AT supera meta de receitas

A AUTORIDADE Tributária de Moçambique (AT) arrecadou, durante o ano passado, 278,86 mil milhões de meticais em receitas fiscal e aduaneira, valor acima da meta, mesmo tendo em conta a conjuntura económica adversa que o país viveu no período em referência.

Dados tornados públicos ontem em Maputo indicam que o valor arrecadado corresponde a uma realização bruta de 105,01 por cento em relação à meta orçamental de 265,60 mil milhões de meticais e líquida de 101,00% quando deduzidos os 16,5 por cento para o reembolso do Imposto sobre o Valor Acrescentado (IVA) nos termos da lei orçamental.
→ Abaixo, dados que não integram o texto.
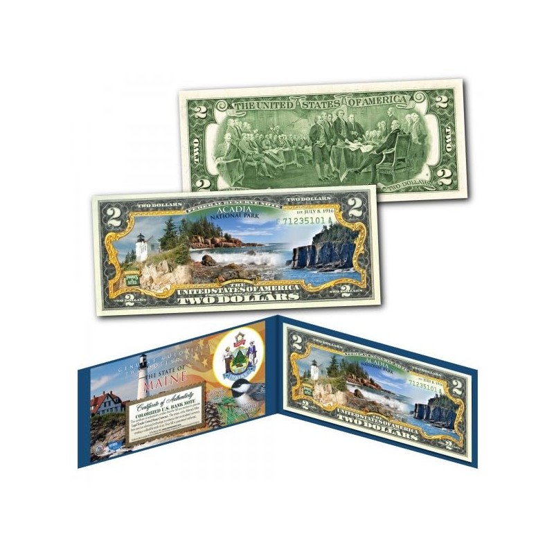 Acadia National Park Maine Uncirculated $2 Dollar Bill Special Edition Collectible Display Holder and Certificate
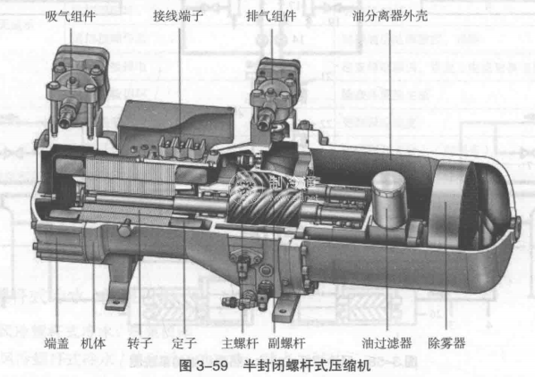 圖3-59為半封閉螺桿式壓縮機的結構圖。

Assim, os impostos internos tiveram uma contribuição agregada de 204.03 mil milhões de meticais que corresponde a 77% da receita fiscal total, tendo os impostos externos contribuído com 74.83 mil milhões de meticais, correspondente a 23% da receita fiscal total.

A informação foi apresentada pela presidente da AT, Amélia Muendane, na abertura da primeira sessão ordinária do Conselho directivo alargado, que visava analisar o desempenho da receita do Estado no exercício findo, na qual participaram quadros seniores da instituição.

Segundo Amélia Muendane, os impostos sobre rendimento tiveram uma prestação de 104,74 por cento mercê das retenções na fonte e dos pagamentos à final enquanto que o IVA teve uma realização de 101,29% resultado da dedução do imposto nas importações e nas transacções internas.

Explicou ainda que, os outros impostos nacionais tiveram por seu turno, um desempenho correspondente a 339,87 por cento, influenciados pelas entregas extraodinárias do imposto de selo.

De acordo com a fonte, para além dos impostos ora referidos, contribuíram ainda para o desempenho alcançado, o imposto específico da actividade petrolífera com 124,46 por cento.

O comportamento do imposto petrolífero foi influenciado pela procura de energia no mercado internacional devido à retoma da economia global e o Imposto Simplificado dos Pequenos Contribuintes (ISPC) que teve uma realização de 132,87 por cento.

A presidente da AT explica que, o desempenho deste imposto resultou da introdução de onze postos móveis em todo o território nacional que dinamizaram as actividades de cobranças e as campanhas de educação fiscal.

No ano passado, o país observou um contexto político, económico e social adverso, caracterizado pela desestabilização política nas províncias de Sofala e Manica e pelas manifestações terroristas em algumas regiões das províncias de Cabo Delgado e Niassa.

Estas acções tiveram um impacto negativo na capacidade de arrecadação de receitas provenientes de recursos internos e externos, factores que se associaram à conjuntura internacional decorrente da proliferação rápida da Covid-19, outro factor que concorreu para a desestabilização do potencial de cobrança no período em análise.

A AT passou, igualmente, em revista a política para a gestão de recursos humanos e prioridades para o presente ano.